Using these statuses, we have created a rotation process for images. The picture below shows the life cycle of an image and its main stages.

For base images, we do auto-update. Once a day, an automatic check is made for updates to the packages included in the image. If updates are found, a new version of the image is built and the image-family pointer is shifted to it. After that, all images related to this image-family are rotated.

To automate the life cycle, we wrote the image-rotator script, which we will publish in the public domain in the near future.

  • The necessary variables are passed to the script, the main of which is –image-family.

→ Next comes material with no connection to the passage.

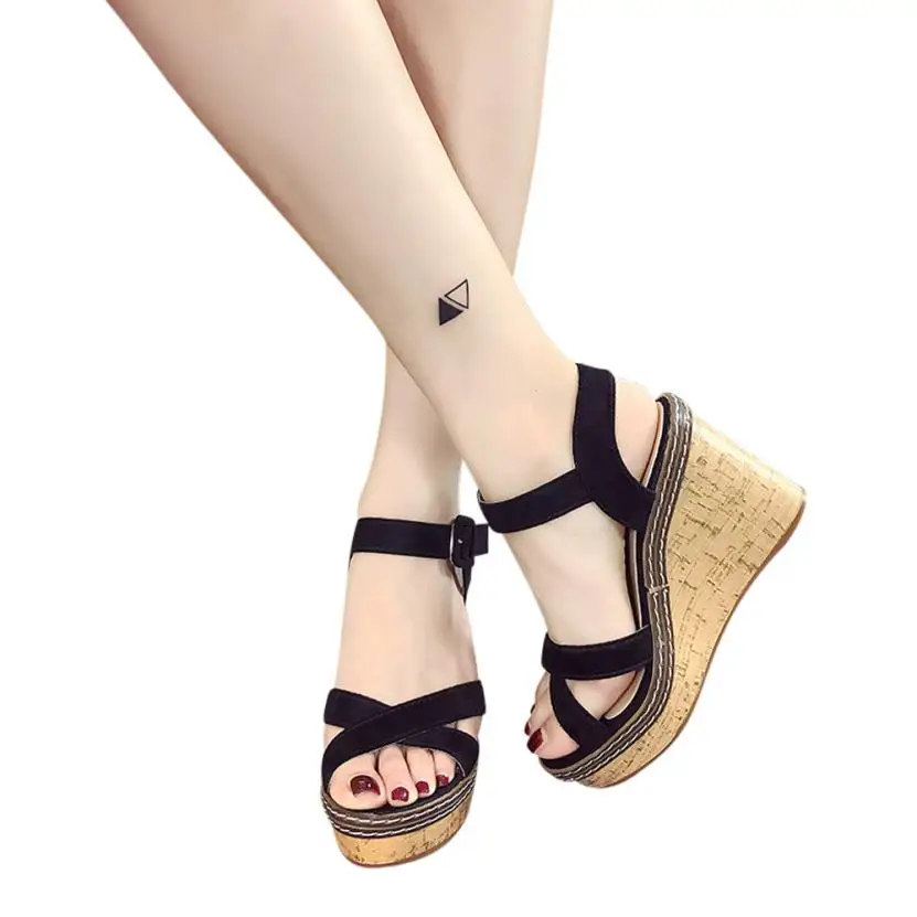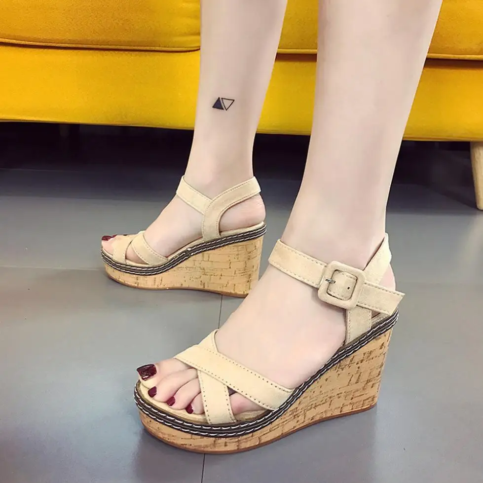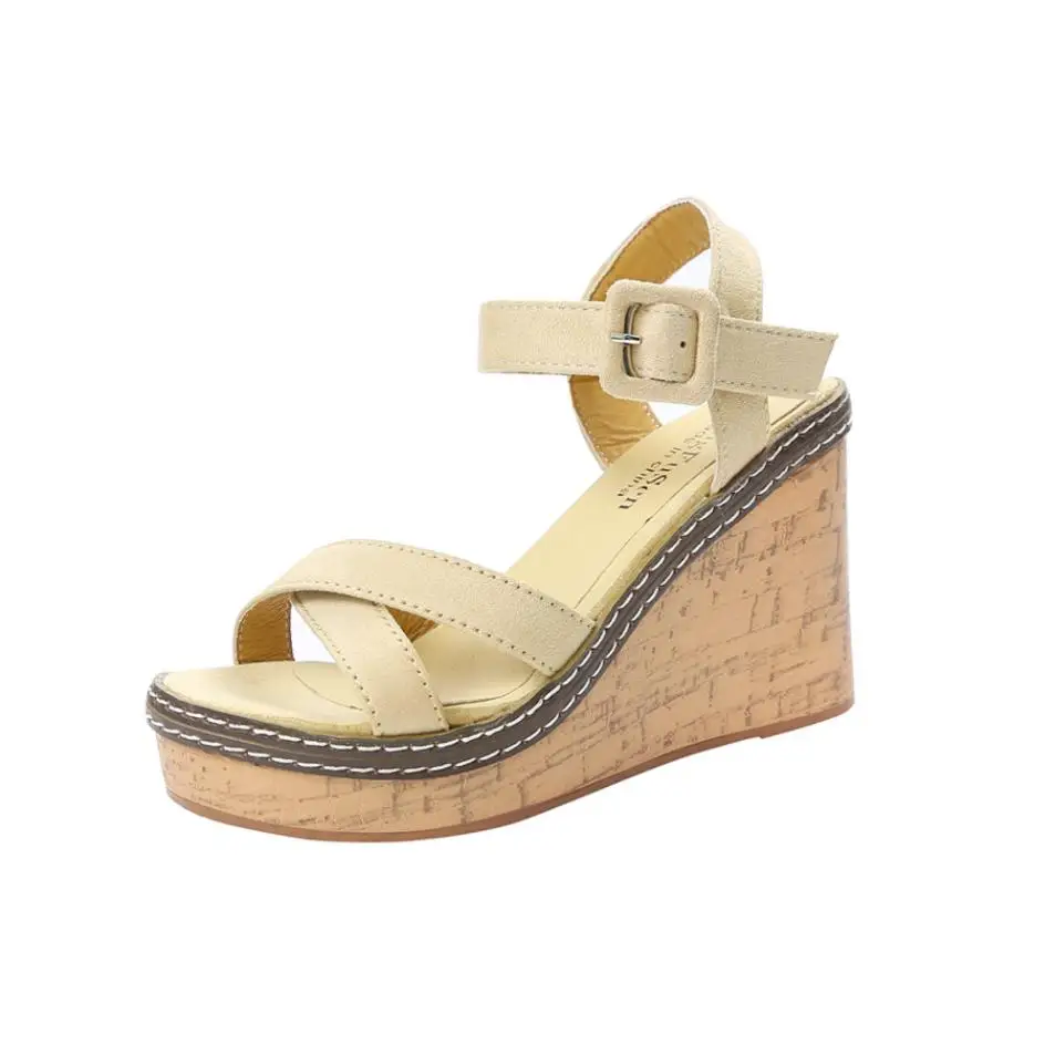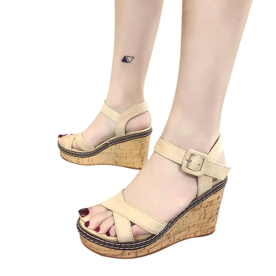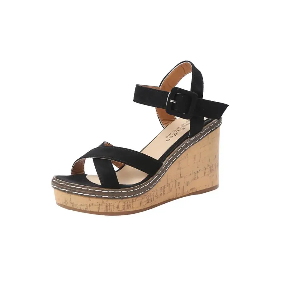 Model Number:Wedges sandals cross strap waterproof platform open toe word buckle wo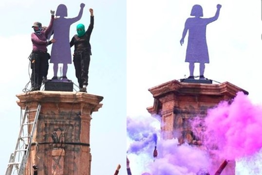 Mujeres encapuchadas escalaron por el pedestal, ubicado en una rotonda del céntrico Paseo de la Reforma, para instalar y desvelar la figura de una mujer con el puño en alto.

This is how it understands what it needs to work with.
  • The script finds all images belonging to this Image Family, and then works with all these images EXCEPT the last actual image that Image Family is pointing to at the moment
  • Further, among these images, he does the following:
    All READY images are made DEPRECATED and given a date when they should become OBSOLETE
    All DEPRECATED images that have obsolete date less than the current date are transferred to the OBSOLETE state and set the date when the image should become DELETED
    All OBSOLETE images are processed by analogy with DEPRECATED
    It’s the same with DELETED. If the DELETED image has the date of deletion, the script deletes the image permanently

Pipeline diagram

So, now that we have figured out the main points, we can consider the general deployment process.

The figure below shows schematically this process.

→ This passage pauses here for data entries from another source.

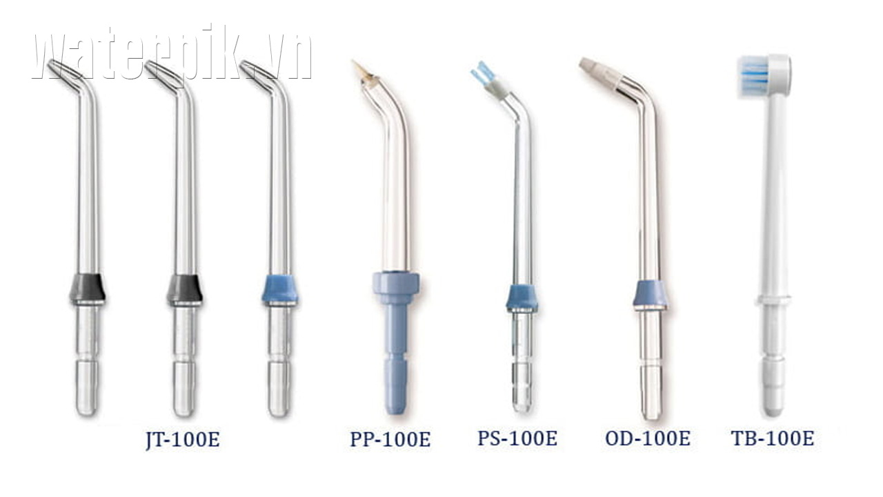 Waterpik WP-660 đi kèm 7 đầu tăm khác nhau, mỗi loại phục vụ một mục đích cụ thể: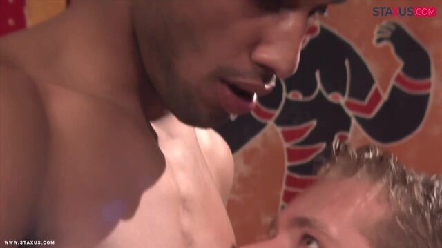 Tiny twink gets spit-roasted to the fucking limit today - Staxus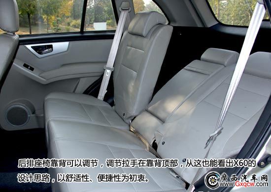 后排座椅靠背可以調(diào)節(jié),調(diào)節(jié)拉手在靠背頂部,從這也能看出X60的設(shè)計思路,以舒適性、便捷性為初衷。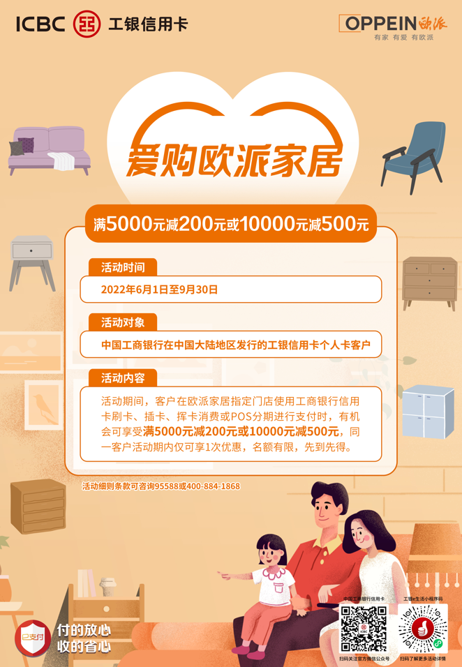 活動期間,客戶在歐派家居指定門店使用工商銀行信用卡刷卡、插卡、揮卡消費或POS分期進行支付時,有機會可享受滿5000元減200元或滿10000元減500元,同一客戶活動期內僅可享1次優惠,名額有限,先到先得。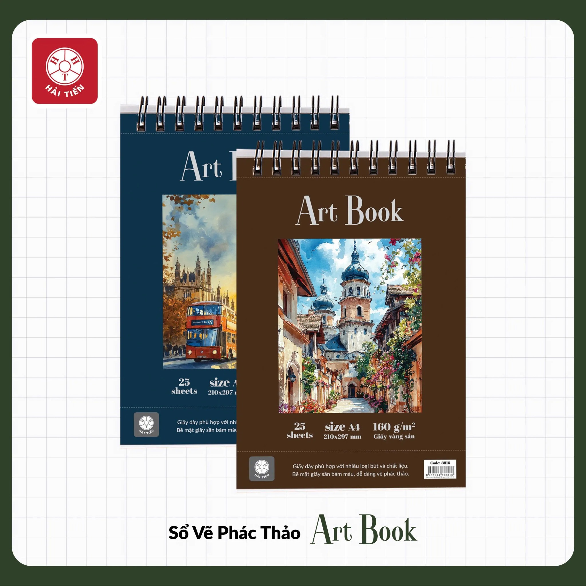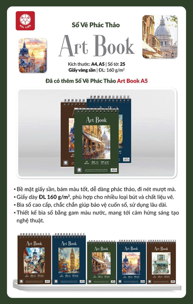 Sổ Vẽ A5 Hải Tiến 25 Tờ ART BOOK 9554 Vàng Sần - Kích thước 150 × 210mm, Định lượng 160gsm- Phù hợp cho nhiều loại bút và chất liệu vẽ (cả màu nước)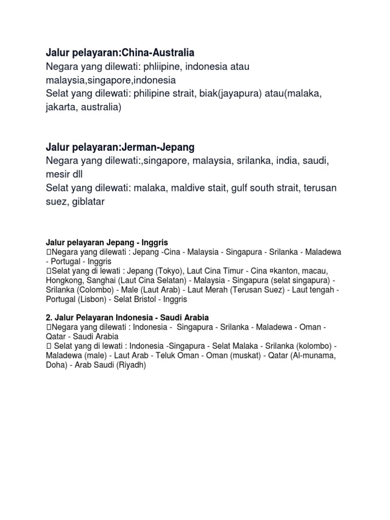 Jalur Pelayaran Jepang Inggris Indonesia China Saudi Dsb

We assume that first, we deploy the application to the Dev environment from the Master branch (the name of the branch is not important here), where it is tested. After that, we will deploy the same image to the Prod environment from another branch – stable, by synchronizing the two branches via Merge Request.

This pipeline is schematic and can be complicated to achieve specific goals or complete automation. For example, in our pipelines, in addition to what is shown in the diagram is automated:

  • Integration with Hashicorp Vault to get secrets
  • Using snapshots of Prod instance data disks to create a Dev environment
  • Using the latest CloudSQL backup (note: database as a service from Google (MySQL, PostgreSQL)) Prod instance to create a database in Dev environment
  • Removing the Dev environment at the end of testing (it’s the same cloud, we don’t want to spend extra money)

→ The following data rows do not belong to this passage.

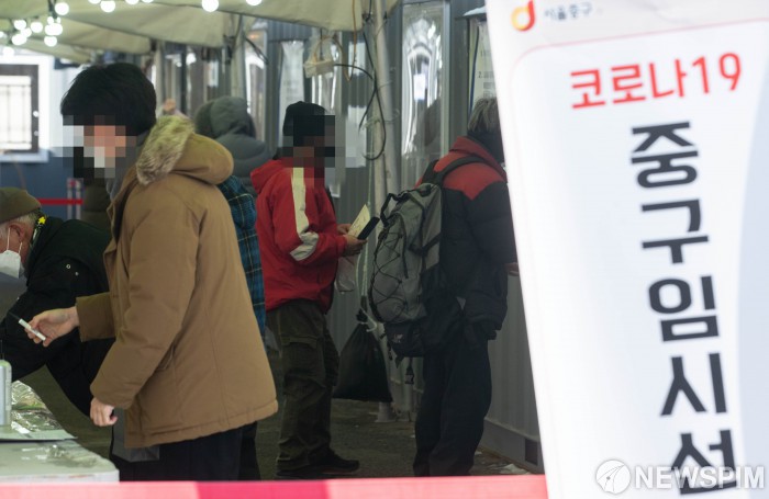 [서울=뉴스핌] 윤창빈 기자 = 17일 오전 서울 중구 코로나19 임시선별검사소에서 시민들이 검사를 받고 있다. 오늘(17일) 0시 기준 국내 신종 코로나바이러스 감염증(코로나19) 신규 확진자 수는 621명으로, 38일만에 600명 대로 올라섰다. 2021.02.17 pangbin@newspim.com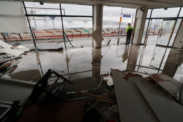 A man stands at a shopping district damaged by Typhoon Hinnamnor in Busan. After grazing the resort island of Jeju and hitting the mainland near the port city of Busan, Hinnamnor weakened as it blew into waters between the Korean Peninsula and Japan. (AP)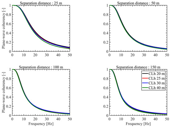 Figure 7 shows the results of the sensitivity analysis of plane-wave coherency with respect to the horizontal correlation length (CLh). Given that the CLh has a greater impact on ground motion coherency than the CLv, the analysis was conducted by fixing the CLv at 10 m and varying the CLh from 20 m to 40 m. The results indicate that the influence of the CLh on plane-wave coherency is minimal as the CLh increases. This suggests that when the size of the heterogeneity is small relative to the wavelength (i.e., when the CLh is small), the scattering effect of seismic waves due to heterogeneity is reduced, and the influence of separation distance on plane-wave coherency is limited. Especially in the low frequency range, an increase in the CLh has no effect, as the long wavelength seismic components are less influenced. That is, while a larger CLh increases the scale of individual heterogeneities, it does not significantly affect coherency in cases with long wavelengths, such as rock sites. This suggests that when developing numerical coherency models, applying an excessively high CLh value is unlikely to impact coherency.

Next, Terraform creates a virtual machine with an application in the Dev environment, creates a disk with fresh data from the image made in step 1. So we get fresh independent data on which we will test the new virtual machine. As a bonus, we check Prod’s backups “by accident” 🙂

Conclusion

This is the end of the theory. And unfortunately (or fortunately for those who do not like a lot of letters), I finish my post with the most interesting, since the article has already turned out to be quite voluminous, and it will no longer accommodate a real example of a service deployed using this concept. Write in the comments if the article turned out to be interesting / useful, and you want to see how it is done in practice: with the code, real CI / CD and explanations. I will be grateful for your feedback.

Immutable Infrastructure is an approach that has its pros and cons. An approach that may not work for every service or application. And I repeat, you must use it, understanding and accepting all its pros and cons. And of course, let common sense always prevail. You can always take a part of it and only use it if it gives you an advantage.

Now we in the team are working on improving the concept and our implementation, because after some time using it in the form in which it is described here, we realized that we have something to work on, and we have ideas on how to do everything better. And when everything works out, we will write another article in which we will share our best practices.